### About this exercise
From the records below, please print only the lines from the one containing "黄色のバラが、日に日に変化して行きます。" through the one containing "Лук почистить и", both included. Skip the pictures.

### The records
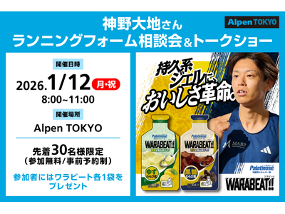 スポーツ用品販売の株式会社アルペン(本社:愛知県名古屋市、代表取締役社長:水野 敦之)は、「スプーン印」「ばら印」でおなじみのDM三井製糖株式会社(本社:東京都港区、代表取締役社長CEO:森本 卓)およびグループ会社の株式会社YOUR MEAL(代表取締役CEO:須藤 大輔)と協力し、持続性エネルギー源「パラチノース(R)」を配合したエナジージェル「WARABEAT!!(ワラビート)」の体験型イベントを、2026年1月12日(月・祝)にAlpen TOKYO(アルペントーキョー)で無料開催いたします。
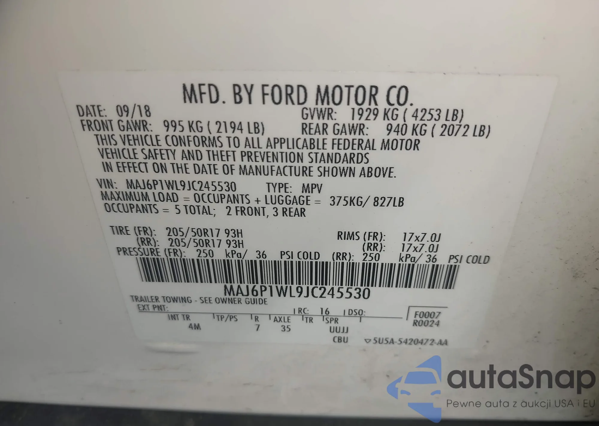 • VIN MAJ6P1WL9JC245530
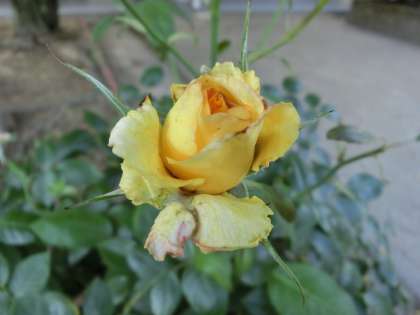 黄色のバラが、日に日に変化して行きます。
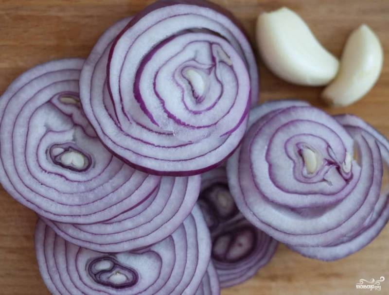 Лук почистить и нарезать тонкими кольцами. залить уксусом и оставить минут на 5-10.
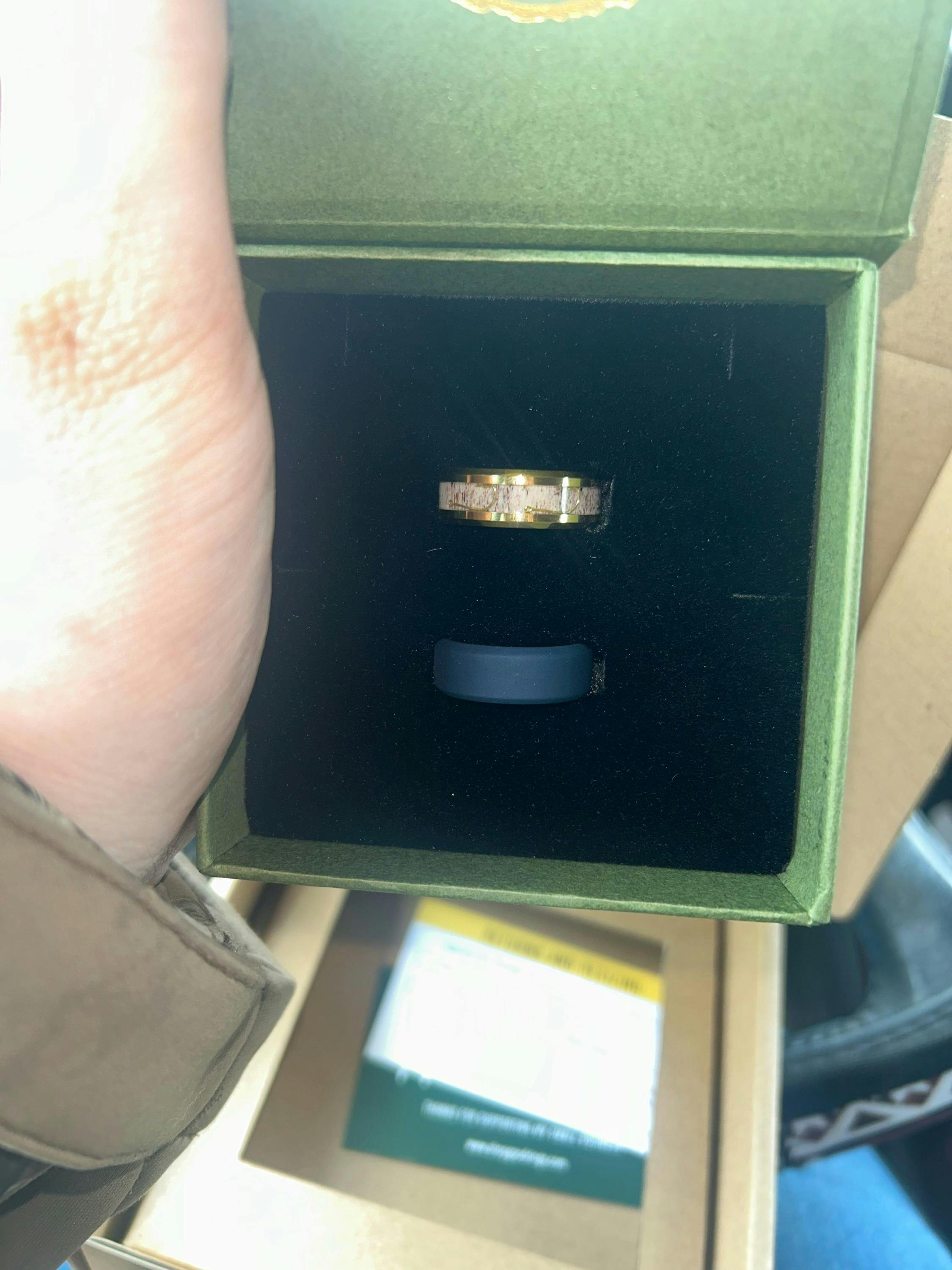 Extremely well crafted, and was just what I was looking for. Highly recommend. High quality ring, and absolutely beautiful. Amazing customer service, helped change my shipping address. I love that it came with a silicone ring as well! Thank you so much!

### Exercise result
 黄色のバラが、日に日に変化して行きます。
 Лук почистить и нарезать тонкими кольцами. залить уксусом и оставить минут на 5-10.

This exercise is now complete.